The second thing I made that evening was chicken liver paté, mainly inspired by Fred & Ginger who had made some for us the other week. I had a recipe from Waitrose from ages ago, which seemed simple enough.

25 g butter
400 g chicken livers
1 medium clove of garlic
1 large fresh sprig of rosemary
150 ml double cream
50 ml sweet white wine (optional)
salt and pepper to taste

  1. Trim the livers and cut into smaller chunks. Peel the garlic and wash the sprig of rosemary.
  2. Heat the butter in a large frying pan and fry the livers for 5 - 8 minutes, press in the garlic and add the whole sprig of rosemary and stir around occasionally to get the livers evenly cooked.
  3. Turn off the heat and leave to rest for 5 more minutes, then remove the sprig of rosemary.
  4. Scrape the contents of the pan into a food processor and start blending. Pour in the double cream and the white wine.
  5. When the paté is completely smooth, season with salt and pepper.
  6. Transfer into the serving dish, cover with cling film and make sure it touches the surface of the paté, so that it doesn't discolour, and leave to set for at least 1 h.

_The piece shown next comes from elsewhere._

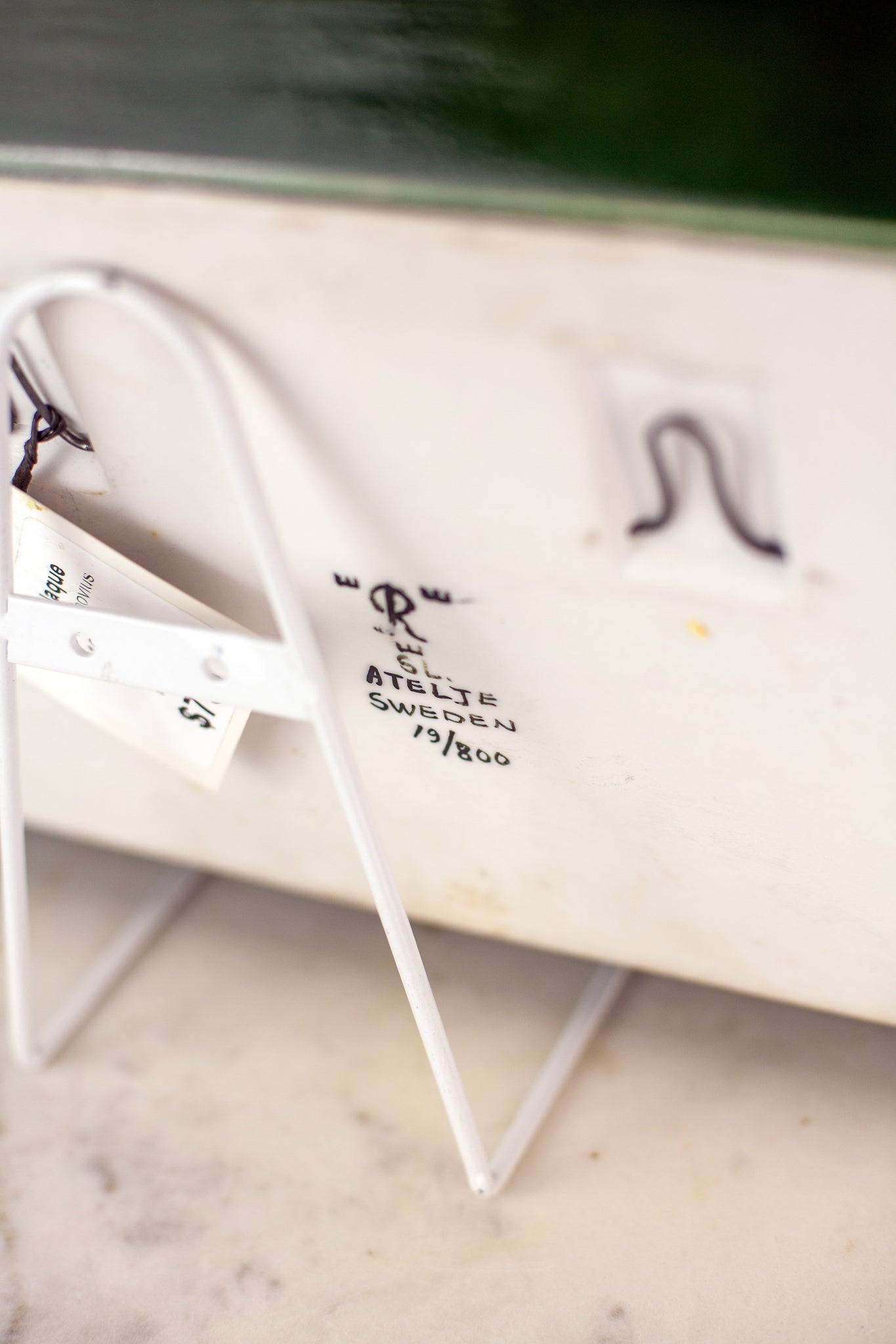 Vintage 1970s wall plaque by Sylvia Leuchovius featuring green glaze with white birds motif. Made at Rörstrand studio in Sweden. Rectangular stoneware in excellent condition. Measures 42cm wide, 26cm high, 3cm deep.

The recipe recommends Muscat de Beaumes-de-Venice and unfortunately that's the only thing I forgot to get, so I used a Syrah Rosé instead. Very intrigueing this paté thing, when it was ready in the blender, it had the consistency of chocolate mousse, but tasted of liver. I transferred it to a box and put it in the fridge, hoping that it would go a bit solid at least. It did and it was really good and had the nice smooth texture that you'd expect too and tasted lovely. It went particularly well together with the knäckebröd I made last month.